Fazer essa foto acima me custou três espressos no balcão do primeiro de um rosário de pequenos cafés que pontuam uma das entradas de San Gimignano. Sobrou pra o meu estômago, que pagou o preço da dureza dos comerciantes, que odeiam fotos. Não os condeno. São obrigados a enxotar, a cada dez minutos, grupos inteiros de turistas deseducados que invadem os pequenos estabelecimentos somente para fazer imagens e desaparecer, sem gastar um tostão, saciado como uma nuvem de gafanhotos digitais. No terceiro café, a gentileza aflorou e a foto saiu.
Siena fica a minutos de San Gimignano. Mas o contato mais íntimo que tive com a belíssima cidade medieval, que James Bond destrói parcialmente na primeira cena de Cassino Royale, foi a imagem do ícone maior da sua gastronomia, o panforte. Semanas depois, de volta ao Brasil, eis que o informativo da União Européia me cutuca com o seu tema do dia: o panforte de Siena, que acabara de ter o seu pedido de proteção de marca aceito sob a chancela I.G.P. – seria registrado oficialmente no início de agosto, após dois anos de espera. Para a minha alegria psicótica, onde tem denominação tema fumaça da normativa. E onde há fumaça, há o fogo do caderno de obrigações, que derrete todas as dúvidas culinárias e aquece as dicas históricas do produto.
Aprende-se ali, por exemplo, que a receita do autêntico Panforte (agora, em caixa alta, por respeito) é um inventário rico das colheitas históricas da agricultura daquela gleba da Toscana. São as farinhas dos solos calcáreos, as suas nozes e avelãs de árvores centenárias, seu mel multifloral (millefiori), suas frutas secas na aparência, frescas no paladar. E – não sabia – seus melões. Sim, há duas versões oficiais do Panforte de Siena, uma delas preparada com melões secos do tipo zatta, de casca fina e polpa densa.
Nessa, além da farinha do tipo “0” (zero), das amêndoas descascadas e do mel, um mínimo de 40% (!) de melões e cascas de laranjas cristalizadas. E, na cobertura, que dá a cor nera da denominação, uma pequena unção de noz moscada, canela e até do que o documento descreve como ‘pepe dolce’, o que, no meu entendimento, seria uma versão não picante da páprica.
A versão branca do panforte, a mais conhecida, ganha recheios como os da sidra cristalizada e da amêndoa, ambos obrigatórios, com a avelã e, novamente, o melão, entrando como elementos opcionais, assim como um nada tradicional aroma de baunilha, desde que não seja artificial.
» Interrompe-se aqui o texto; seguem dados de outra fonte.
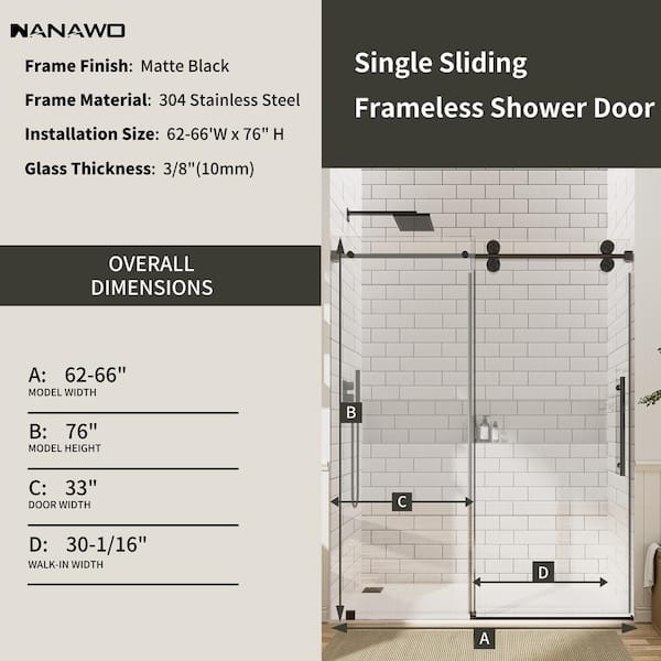 66 in. W x 76 in. H Single Sliding Frameless Shower Door in Matte Black with 3/8 in. Clear Glass

Nos dois, casos, são receitas que, mais do que tradicionais, são históricas, e ornavam a parede da Ospedale di Santa Maria della Scala, em 1810, quando o Napoleão, aquele crápula, mandou que a fechassem. No mesmo local, um certo Natale Pepi abriu a primeira empresa para produzir a iguaria, pelas mãos dos panfortaios e a supervisão dos conditoris, os profissionais envolvidos.
O prefixo pan – pão – não se aplica ao Panforte de Siena. É um meio termo entre um bolo de garfo e um doce de mão, de massa rica, que se desmancha na boca, revelando cada um dos ingredientes que compõem a sua tradição. Se for bem feito, o sufixo forte também será apenas uma figura retórica dessa delicadeza, que, aliás, casou muito bem com meu espresso – e me permitiu, de alguma forma, conhecer Siena.
Gostaria de saber se no Brasil vedes-e o panforte. Moro em Goiás.